- Exercise directions -
Copy the material below verbatim from the line with "Sismo hoy 31" to the line with "REESE’S PUFFS Chocolatey", both lines included, omitting pictures and every line outside that range.

- Dataset extract -

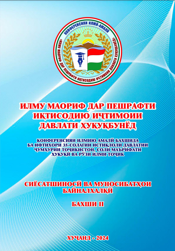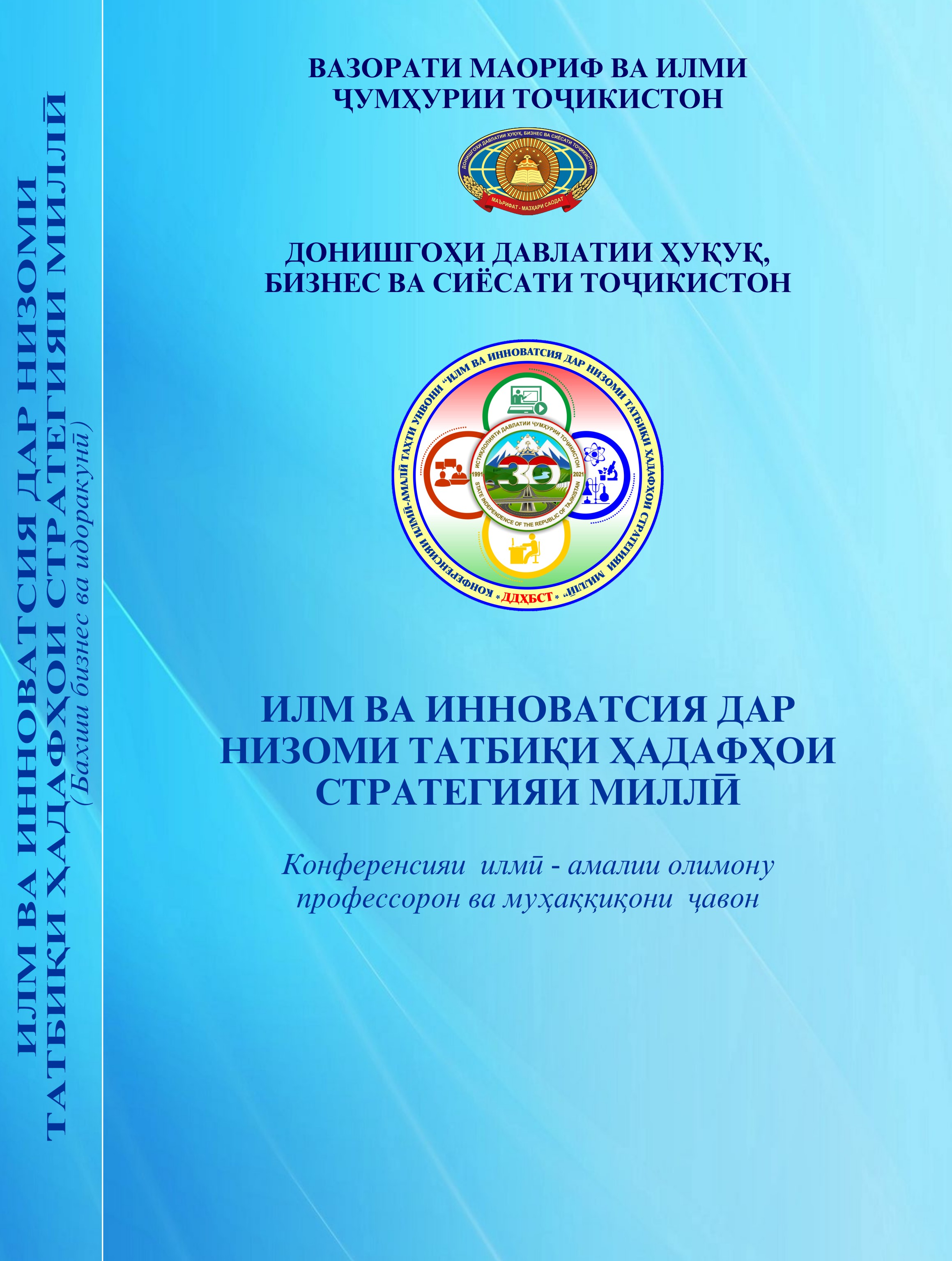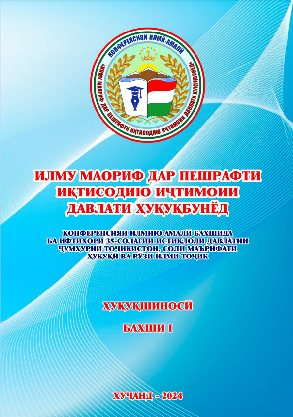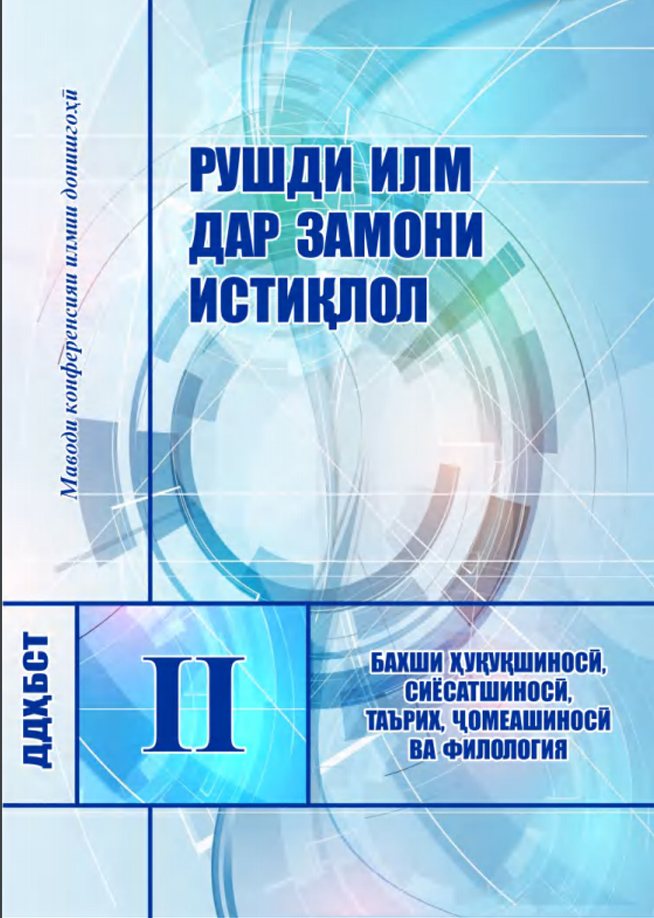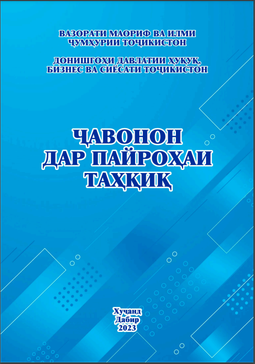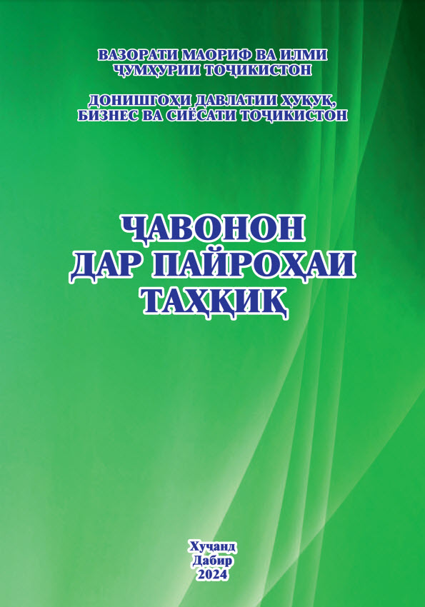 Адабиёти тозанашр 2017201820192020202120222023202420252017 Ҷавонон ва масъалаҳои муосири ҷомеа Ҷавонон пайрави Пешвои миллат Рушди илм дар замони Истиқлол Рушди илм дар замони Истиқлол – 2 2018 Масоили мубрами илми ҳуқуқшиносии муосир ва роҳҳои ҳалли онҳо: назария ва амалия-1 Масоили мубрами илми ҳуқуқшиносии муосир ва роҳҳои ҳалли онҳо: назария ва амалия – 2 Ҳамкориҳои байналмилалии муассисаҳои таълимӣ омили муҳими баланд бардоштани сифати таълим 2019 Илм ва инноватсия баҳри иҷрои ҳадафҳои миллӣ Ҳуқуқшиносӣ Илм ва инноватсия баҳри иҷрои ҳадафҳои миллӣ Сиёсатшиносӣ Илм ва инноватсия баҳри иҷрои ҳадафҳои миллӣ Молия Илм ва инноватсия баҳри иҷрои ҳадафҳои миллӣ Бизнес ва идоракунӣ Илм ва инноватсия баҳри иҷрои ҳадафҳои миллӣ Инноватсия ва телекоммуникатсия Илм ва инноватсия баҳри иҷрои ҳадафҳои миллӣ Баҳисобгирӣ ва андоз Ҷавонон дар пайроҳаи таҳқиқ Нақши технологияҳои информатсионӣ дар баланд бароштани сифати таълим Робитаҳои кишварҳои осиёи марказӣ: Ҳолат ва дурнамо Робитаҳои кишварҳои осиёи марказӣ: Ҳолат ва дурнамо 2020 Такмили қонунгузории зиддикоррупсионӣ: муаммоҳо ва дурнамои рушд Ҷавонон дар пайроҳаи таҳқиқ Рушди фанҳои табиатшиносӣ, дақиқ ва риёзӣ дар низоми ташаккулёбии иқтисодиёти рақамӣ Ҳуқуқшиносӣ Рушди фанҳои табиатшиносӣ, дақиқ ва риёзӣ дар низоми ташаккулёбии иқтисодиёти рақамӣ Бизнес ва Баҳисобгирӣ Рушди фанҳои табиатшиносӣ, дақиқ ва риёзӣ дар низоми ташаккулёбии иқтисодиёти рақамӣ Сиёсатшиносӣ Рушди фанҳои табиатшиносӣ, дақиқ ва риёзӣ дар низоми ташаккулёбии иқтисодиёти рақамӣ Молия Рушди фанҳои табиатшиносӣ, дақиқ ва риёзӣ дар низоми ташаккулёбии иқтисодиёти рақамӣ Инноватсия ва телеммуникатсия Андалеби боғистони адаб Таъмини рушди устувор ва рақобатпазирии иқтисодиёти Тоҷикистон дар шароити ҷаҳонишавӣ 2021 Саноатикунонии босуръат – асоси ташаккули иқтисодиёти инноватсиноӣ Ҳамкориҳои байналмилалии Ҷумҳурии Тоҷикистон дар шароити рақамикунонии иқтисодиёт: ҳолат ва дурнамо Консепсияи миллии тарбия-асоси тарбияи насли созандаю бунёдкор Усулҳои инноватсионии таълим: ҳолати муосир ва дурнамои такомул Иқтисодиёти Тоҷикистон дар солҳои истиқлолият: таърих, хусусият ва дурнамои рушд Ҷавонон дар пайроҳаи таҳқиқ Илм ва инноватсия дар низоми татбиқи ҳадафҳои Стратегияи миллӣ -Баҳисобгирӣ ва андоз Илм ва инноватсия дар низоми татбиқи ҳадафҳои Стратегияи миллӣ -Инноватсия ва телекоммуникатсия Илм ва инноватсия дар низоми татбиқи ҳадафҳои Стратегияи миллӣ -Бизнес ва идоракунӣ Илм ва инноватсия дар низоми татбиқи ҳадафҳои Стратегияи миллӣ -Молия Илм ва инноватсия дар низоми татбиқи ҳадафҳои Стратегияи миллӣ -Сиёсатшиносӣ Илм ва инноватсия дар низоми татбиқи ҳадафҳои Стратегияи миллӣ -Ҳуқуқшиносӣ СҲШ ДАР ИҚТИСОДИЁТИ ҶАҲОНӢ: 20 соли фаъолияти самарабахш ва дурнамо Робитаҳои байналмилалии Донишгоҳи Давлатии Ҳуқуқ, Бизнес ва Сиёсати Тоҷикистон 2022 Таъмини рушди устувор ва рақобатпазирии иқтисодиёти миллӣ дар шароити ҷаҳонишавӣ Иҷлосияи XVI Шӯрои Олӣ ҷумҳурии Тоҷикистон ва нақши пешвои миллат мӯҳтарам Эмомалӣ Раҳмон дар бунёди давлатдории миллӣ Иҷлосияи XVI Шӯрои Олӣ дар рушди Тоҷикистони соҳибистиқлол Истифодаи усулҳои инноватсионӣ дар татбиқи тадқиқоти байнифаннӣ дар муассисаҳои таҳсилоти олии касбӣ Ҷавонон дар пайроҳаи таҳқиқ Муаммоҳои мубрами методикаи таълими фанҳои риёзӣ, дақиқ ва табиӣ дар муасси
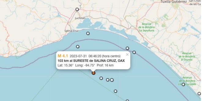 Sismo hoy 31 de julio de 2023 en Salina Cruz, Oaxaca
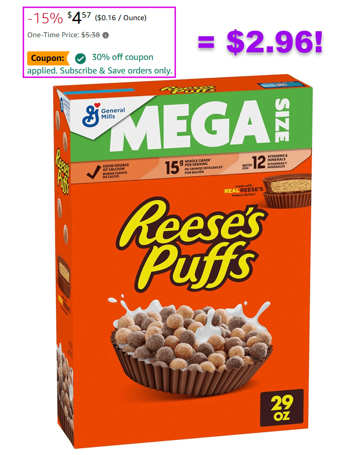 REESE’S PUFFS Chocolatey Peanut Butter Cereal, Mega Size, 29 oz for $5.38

--

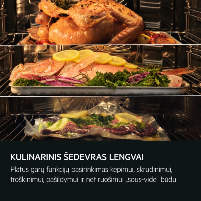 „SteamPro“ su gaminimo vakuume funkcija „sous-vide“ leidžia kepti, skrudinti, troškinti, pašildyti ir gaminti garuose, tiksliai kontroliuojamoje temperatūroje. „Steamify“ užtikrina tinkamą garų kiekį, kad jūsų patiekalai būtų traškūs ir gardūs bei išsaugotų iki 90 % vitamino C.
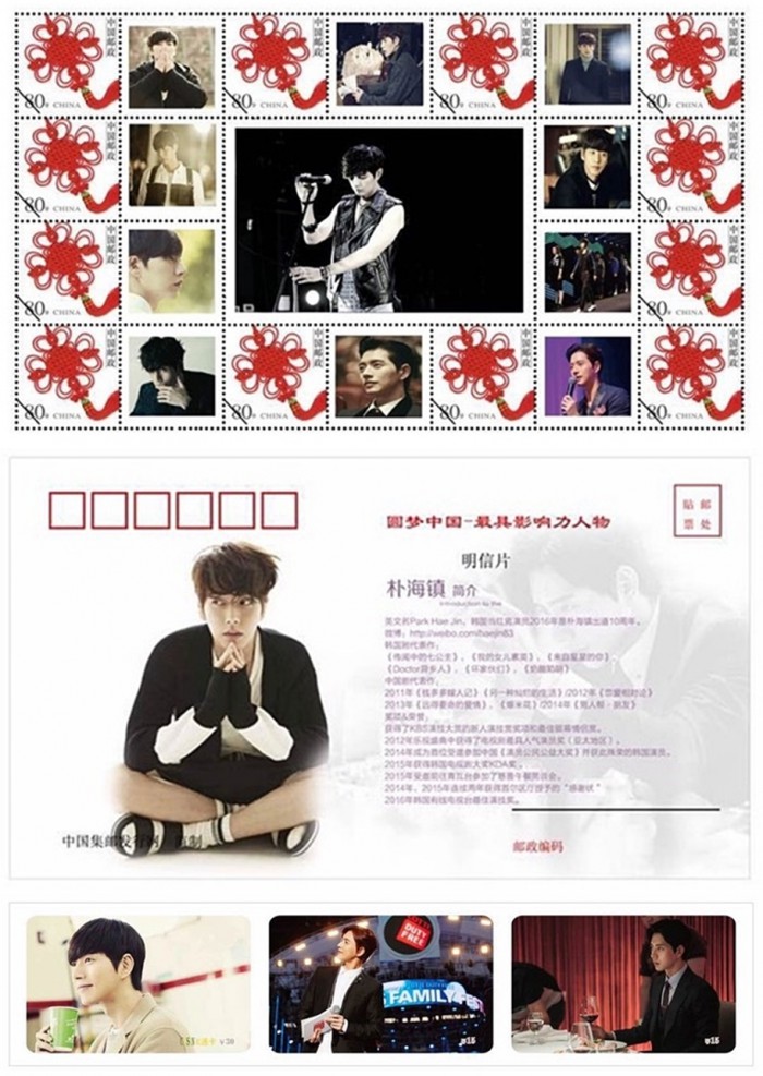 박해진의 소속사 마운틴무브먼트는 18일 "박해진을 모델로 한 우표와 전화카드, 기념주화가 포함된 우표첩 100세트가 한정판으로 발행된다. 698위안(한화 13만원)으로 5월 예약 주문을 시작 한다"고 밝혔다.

- Finished exercise -
 Sismo hoy 31 de julio de 2023 en Salina Cruz, Oaxaca
 REESE’S PUFFS Chocolatey Peanut Butter Cereal, Mega Size, 29 oz for $5.38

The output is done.